True, if the mode is supported, false otherwise.

isPaddingSupported

protected boolean isPaddingSupported(java.lang.String padding)

Check, if the given padding scheme is supported by this cipher.

Specified by:

isPaddingSupported in class PKCS11Cipher

Parameters:

padding - The padding scheme to check.

Returns:

True, if the padding scheme is supported, false otherwise.

isExternalPaddingSupported

protected static boolean isExternalPaddingSupported(java.lang.String padding)

Check, if an external software implementation is available for the given padding scheme.

Parameters:

padding - The padding scheme to check.

Returns:

True, if an external software implementation is available for the padding scheme, false otherwise.

pkcs11Update

protected byte[] pkcs11Update(byte[] data,
                              int offset,
                              int length)

Description copied from class: PKCS11Cipher

Update the currently running cipher operation with the given data.

Overrides:

pkcs11Update in class PKCS11Cipher

Parameters:

data - The byte array that holds the data.

offset - The offset in the byte array that indicates the first data byte to read.

length - The number of bytes to read starting from offset.

Returns:

The current intermediate result, if any.

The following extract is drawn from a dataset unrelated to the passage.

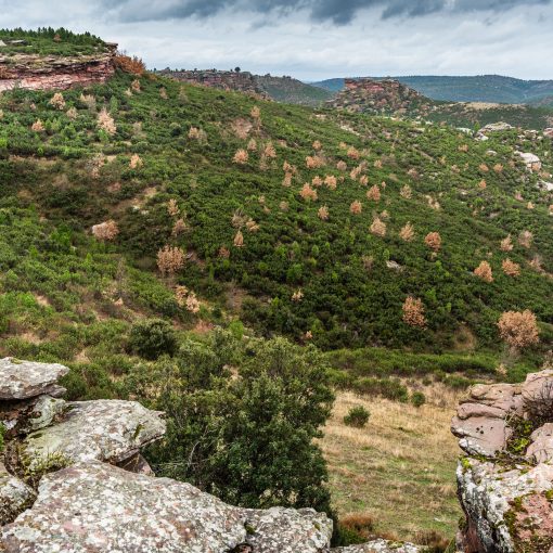 La altitud en este punto es de 1.070 m snm, es el punto de menor altitud de la ruta, ubicado en mitad del recorrido, y por tanto el apropiado para realizar un pequeño descanso o reposición de fuerzas. La ruta continúa volviendo sobre el mismo camino, deshaciendo el tramo de arroyo unos 750 m hasta encontrar la bifurcación señalizada del barranco de valdelacueva.

May be null.

pkcs11DoFinal

protected byte[] pkcs11DoFinal(byte[] input,
                               int inputOffset,
                               int inputLength)
                        throws javax.crypto.BadPaddingException,
                               javax.crypto.IllegalBlockSizeException

Description copied from class: PKCS11Cipher

Update the currently running cipher operation with the given data and finish the current operation. This may include padding before processing the last data block or unpadding after the processing of the last block.

Overrides:

pkcs11DoFinal in class PKCS11Cipher

Parameters:

input - The byte array that holds the input data.

inputOffset - The offset in the input byte array that indicates the first input data byte to read.

inputLength - The number of bytes to read starting from offset.

Returns:

The final operation result; i.e. cipher text or plain text.

Throws:

javax.crypto.BadPaddingException - If the padding of the decrypted data is bad or if the padding of the input data failed.

javax.crypto.IllegalBlockSizeException - If the input data size does not match the required block size.